Implementing advanced virtual commissioning strategies significantly reduces the risks involved in complex automation upgrades. Simulating the production line allows the system’s operating logic to be verified in a risk-free environment, preventing most potential onsite implementation issues and laying the groundwork for the creation of digital twins.

Digital twins insights
- Virtual commissioning models lay the groundwork for the development of a real-time digital twin of the production line.
- Virtual commissioning paired with a phased upgrade approach is a powerful strategy that reduces the risks of completing complex upgrades.
- A recent project completed by Patti Engineering for a renowned automotive manufacturer utilized virtual commissioning.
Manufacturers often face the dilemma of deciding between maintaining legacy equipment or undertaking the risks associated with system upgrades. These risks are primarily due to uncertainties in transitioning from a legacy programmable logic controller (PLC) to a newer system. A poorly executed upgrade can leave unresolved compatibility issues within the system, leading to lingering operational inefficiencies and complex troubleshooting challenges. This often results in greater expense and more downtime than initially planned for, as further efforts are made to resolve these persistent problems. On the other hand, continuing to maintain legacy equipment inevitably results in increased maintenance costs and frequent, unpredictable downtime with few diagnostic capabilities to identify the underlying causes.
Virtual commissioning, particularly when paired with a phased upgrade approach, is a powerful strategy that dramatically reduces the risks of completing complex upgrades. Tasked with upgrading a major engine assembly line, advanced virtual commissioning strategies were for a recent project Patti Engineering undertook for an automative manufacturer to rewrite and verify the control software and robotics routines in a simulation environment.

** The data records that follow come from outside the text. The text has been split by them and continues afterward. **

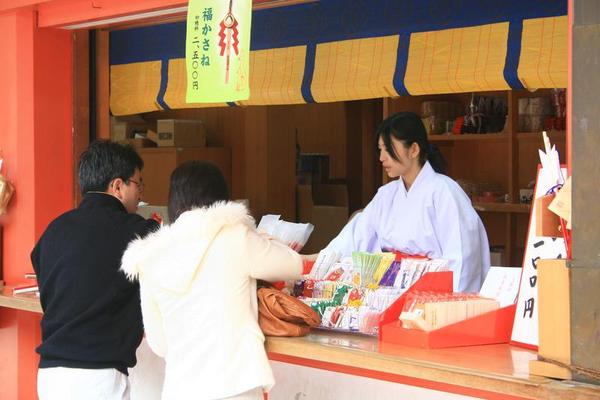 話說在拍這張照片時,那位巫女好像發覺我在對著她照相,所以很快就躲起來,不過我不是要拍她的特寫啊!我知道一般神社裡的巫女應該不能被照相,我只是要拍一下這個買賣的景象。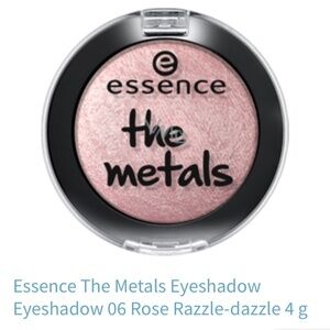 Essence The Metals eyeshadows deliver an intense metallic and chrome effect with a smooth, creamy texture that is highly blendable and long-lasting. These eyeshadows create a bold, eye-catching look similar to a wet-effect finish without being glitter-based, dry down without cracking, and are often available in a range of colors, including gold, rose gold, and deeper shades.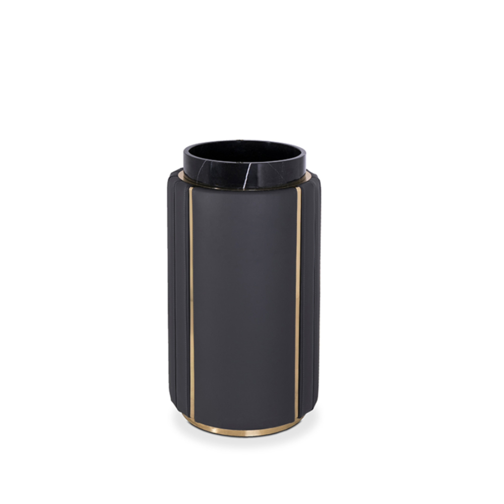 Nero marquina marble, polished brass, black synthetic leather
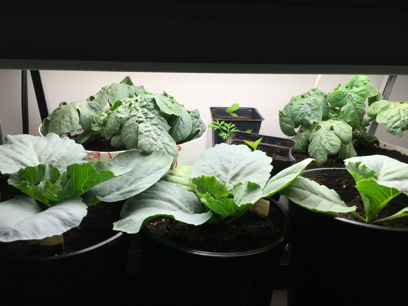 I have 2 watermelons, one of which is grafted, a couple of peppers,a carrot, and 3 giant cabbages. It's going to be a while before I can put any of these in the ground. Going to be interesting.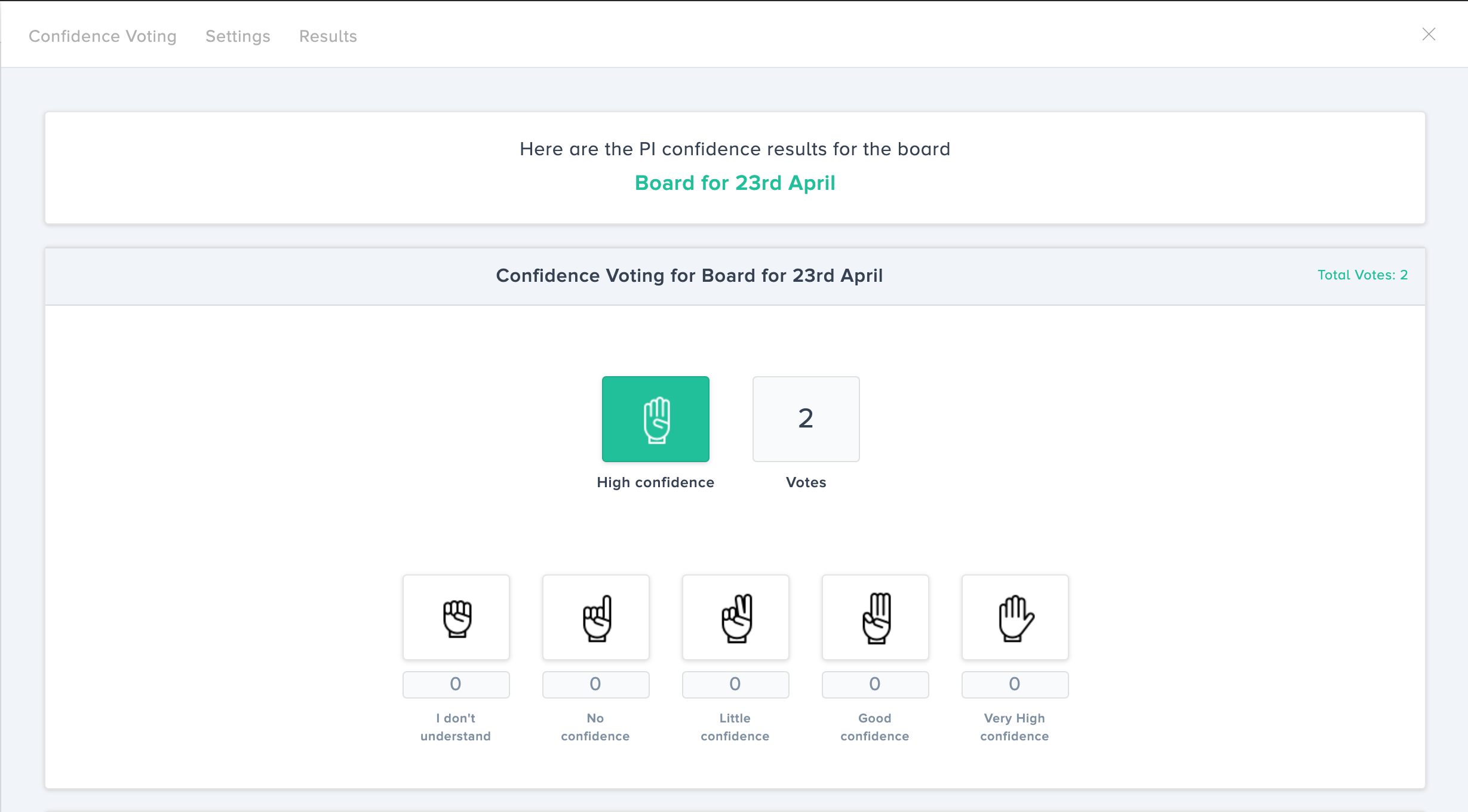 Once the session is over, the results for the confidence vote can be viewed. If the option for Enable participants to view the results or Show who voted for each option is checked, then the users other than Super Admin, a user with Admin rights or a user that has the permission to Edit Board can view the result and who voted. But if these options are not checked then only the super admin or admin can view the results.

As a result, onsite commissioning was completed on schedule, on budget, with minimum prototype parts, and without unforeseen complications – a true high-quality outcome by all measures. Furthermore, the simulation of the production line has the potential to serve as the foundation for building a visualized real-time virtual replica of the system – a digital twin.


How virtual commissioning leads to a digital twin
By simulating the operation of a production line, virtual commissioning allows a lot of software design and verification to be completed without any physical hardware. Computer models of each line component are instantiated within the simulation environment, including PLCs, robots, sensors, variable frequency drives (VFDs) and conveyor system motors. The controls software can be developed, exercised and verified within a virtual environment, significantly reducing the time, risk and need for prototype parts during final onsite commissioning.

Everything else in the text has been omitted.